Lebanon, meanwhile, took steps to undercut Tehran’s influence in the country and its support for Hezbollah. In a statement released on X on Tuesday, Lebanese Foreign Minister Youssef Raggi said the government was expelling Iranian Ambassador Mohammad Reza Shibani and declared him persona non grata. He gave Shibani until Sunday to leave the country.

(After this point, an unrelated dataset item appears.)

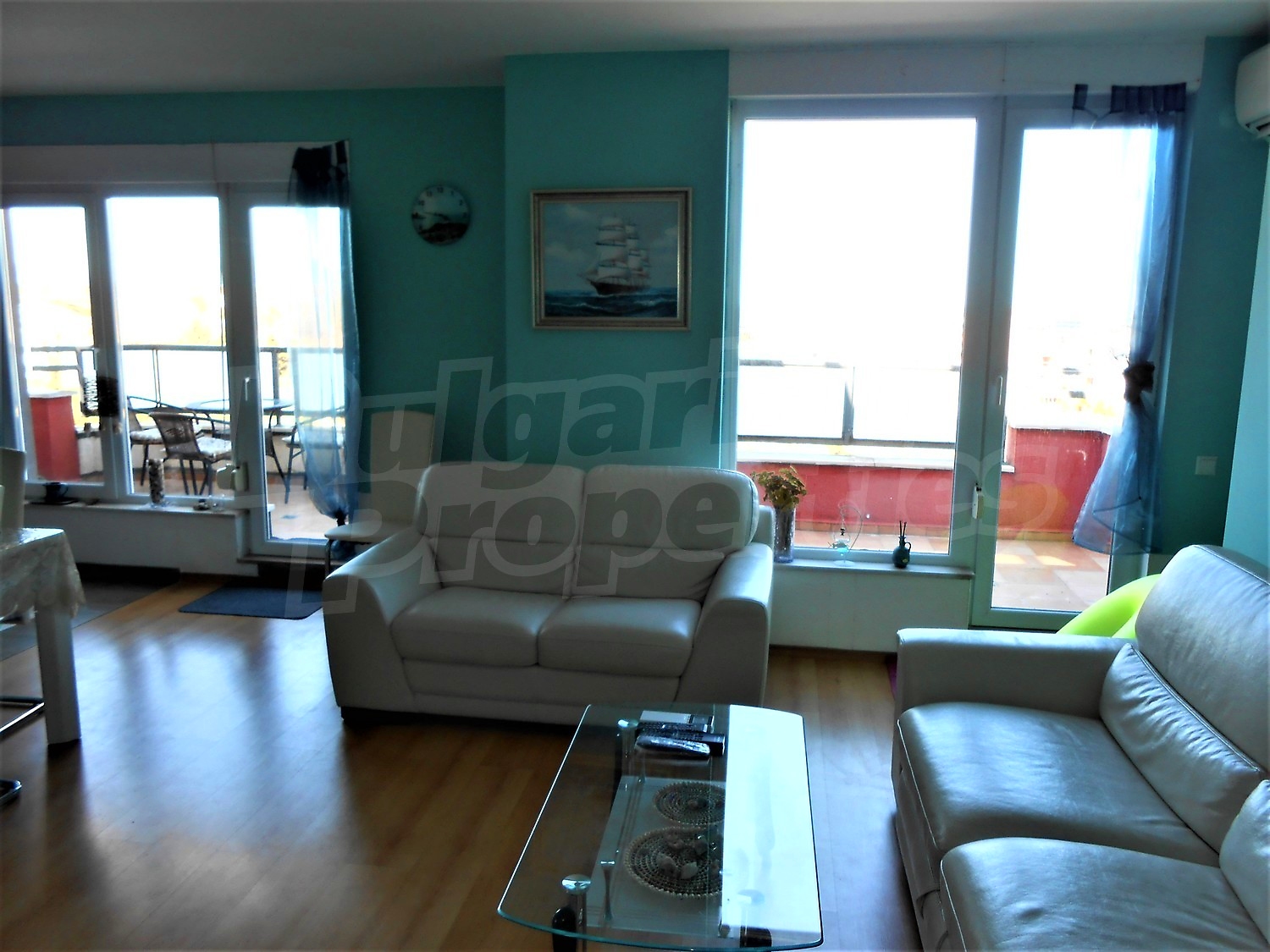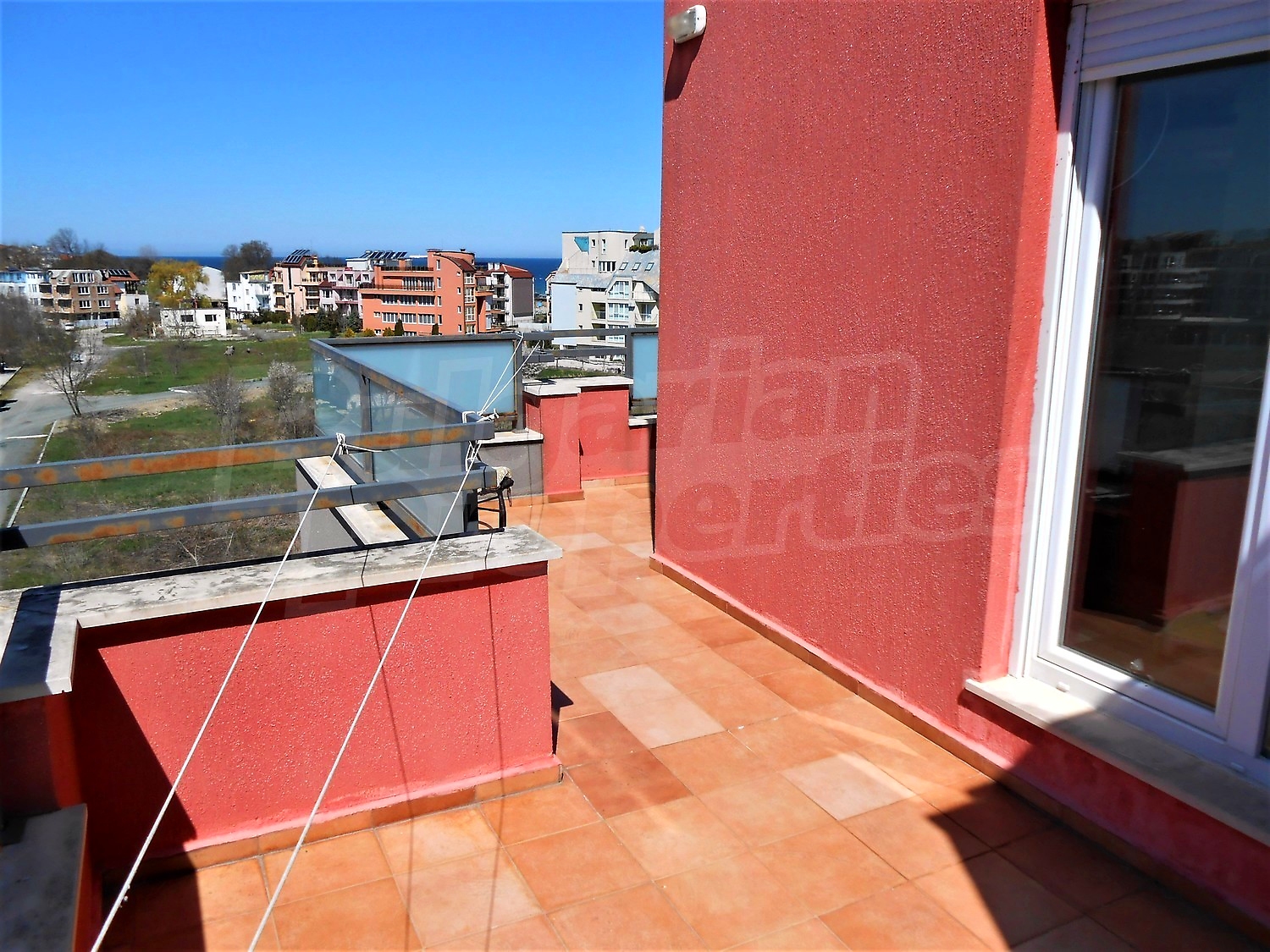 Большая терраса охватывает одну спальню, кухню, гостиную / - 41,67кв.м., А небольшая терраса - ко второй спальне и имеет площадь 4,74кв.м. Все комнаты и террасы имеют вид на море, который не прерывается зданиями и сооружениями.

Hezbollah condemned the move and called it a “grave national and strategic mistake.” Political figures aligned with the group also issued public statements urging the Iranian ambassador to ignore the decision.
In Washington, Trump said he would like to find a resolution that would avoid further casualties and damage to critical infrastructure in the region.
“If we can end this without more lives being down, without knocking out $10-billion electric plants that are brand new and the apple of their eye, I’d like to be able to do that,” he said. “But they can’t have certain things.”
Defense Secretary Pete Hegseth, meanwhile, told reporters that he would rather “negotiate with bombs.”
“The president has made it clear that you will not have a nuclear weapon. The War Department agrees,” Hegseth said. “Our job is to ensure that, and so we’re keeping our hand on that throttle, as long and as hard as is necessary to ensure the interests of the United States of America are achieved on that battlefield.”
His comments came as thousands of U.S. Marines were on their way to the region, raising speculation that the U.S. may try to seize Kharg Island, which is vital to Iran’s oil network. The U.S. bombed the Persian Gulf island more than a week ago, hitting its defenses but saying it had left oil infrastructure intact.
The Pentagon declined to comment on the deployment.
Ceballos and Quinton reported from Washington. Times staff writer Nabih Bulos in Beirut contributed to this report.